Inger: Se cortarmos as florestas, o padrão de chuvas irá mudar, as florestas ficarão mais pobres, as espécies se perderão. É perder sustentabilidade a longo prazo. Houve países que poluíram e cortaram suas florestas em busca de riqueza, isso ocorreu no passado. Mas agora somos tantos que não se pode mais seguir expandindo sobre o que nunca foi tocado. Então, avançar sobre o ambiente original é como cortar os pés do banco onde estamos sentados. Acredito que há muita gente no Brasil, e em outra partes do mudo, com consciência sobre o imperativo de conservar mas também de reduzir a pobreza. Temos que encontrar as oportunidades e não deixar ninguém para trás. Garantir que quem vive na pobreza terá oportunidades de longo prazo. Mas não pode ser um jogo de retorno imediato, de explorar ecossistemas de modo não renovável.
 
Valor: Mesmo se os governos forem para outra direção, as pessoas podem ajudar o clima no mundo com suas opções cotidianas?
Inger: Com certeza. Vemos indivíduos escolhendo estilos de vida mais sustentáveis. Pessoas estão ajudando o clima todos os dias, consumindo menos do que a própria pegada de carbono, fazendo escolhas que causam menos corte de árvores. Há tantas ações que podemos fazer e que são boas para o clima na esfera local e também global. Todos podemos responder a esse chamado urgente para garantir que deixemos um planeta habitável às gerações futuras.
 
Valor: Quais podem ser os danos provocados pelos Estados Unidos ao deixarem o Acordo de Paris?
Inger: Somos mais fortes juntos e o multilateralismo funciona melhor quando todos trabalham juntos. Exortamos todos os países a permanecerem na mesa de negociações sobre mudança climática. No entanto, estamos encorajados pelo fato de muitas cidades, autoridades subnacionais, empresas e pessoas nos Estados Unidos permanecerem comprometidas com ações climáticas ousadas e adotando medidas para descarbonizar a economia. Isso vai desde a aprovação de legislação que promove maior mudança para geração de energias renováveis ao estímulo a veículos elétricos.
 
Valor: Qual o maior desafio ambiental este ano?
Inger: O secretário-geral da ONU tem dito que a mudança do clima é o desafio do nosso tempo. Há países que podem desaparecer como os estados-ilhas, cidades que sofrem inundações, áreas que perdem PIB para a seca. Nos últimos cinco anos tivemos os anos mais quentes da nossa história. Há 1,1 bilhão de pessoas enfrentando riscos climáticos imediatos e 4,5 bilhões de pessoas foram afetadas por desastres na última década. Temos que ter um nível maior de ambição para descarbonizar a nossa economia, para financiar os países que precisam, para inovação e novas oportunidades na geração de energia e transporte e para investir em soluções baseadas na natureza que podem nos ajudar a encontrar respostas para o sequestro e absorção de carbono. Temos que ter mais ambição.
 
Valor: Quais as suas prioridades para a Onu Meio Ambiente?

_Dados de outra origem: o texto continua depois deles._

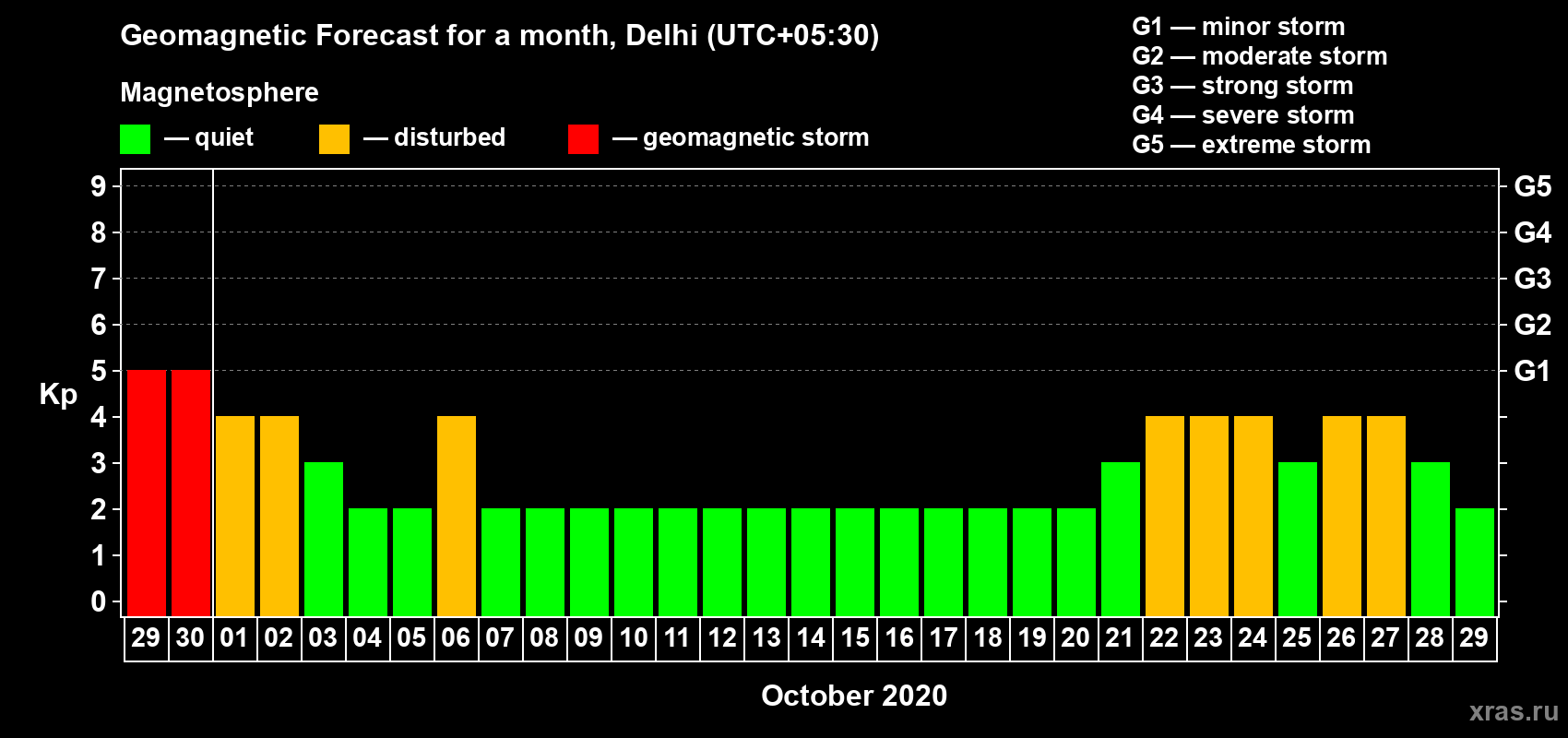 Geomagnetic storm forecast in Delhi for Sep 29, 2020
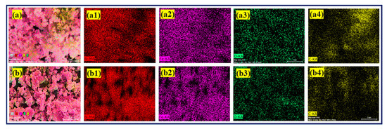 The energy dispersive X-ray spectroscopy image of [BiFe1−xLixO3]-graphene nanocomposite. (a–a4) x = 0.04 and (b–b4) x = 0.06.

Inger: Mencionei mudança do clima, biodiversidade e oceanos. Nosso trabalho é prover os governos com dados e informações corretas e a moldura onde suas ações ocorrem para descolar o crescimento econômico da exploração dos recursos naturais, descontaminar, descarbonizar. Cada um destes elementos é fundamental para que os países possam se fazer a transição ecológica e assegurar que tenhamos consumo e produção sustentáveis. Como consumimos, como produzimos, como vivemos, como geramos lixo. Cada um de nós faz escolhas todos os dias, escolhas que afetam o planeta.
 
Valor: Os governos estão conscientes de que podem ser punidos, no futuro por situações como essa, de incêndios na Amazônia? Não apenas por outros governos, mas também pelas escolhas de consumidores e de empresas?
Inger: Acredito que a grande punição virá da mãe-natureza, que irá nos punir se não agirmos. Infelizmente, já há muitos sentindo esta represália mesmo se não fizeram nada. As emissões não foram criadas pelas pequenas ilhas, não foram produzidas pelos países pobres, não foram geradas pelos lugares que mais estão sofrendo. É por isso que é realmente importante que descarbonizemos as nossas economias, para que esta punição não seja ampliada depois.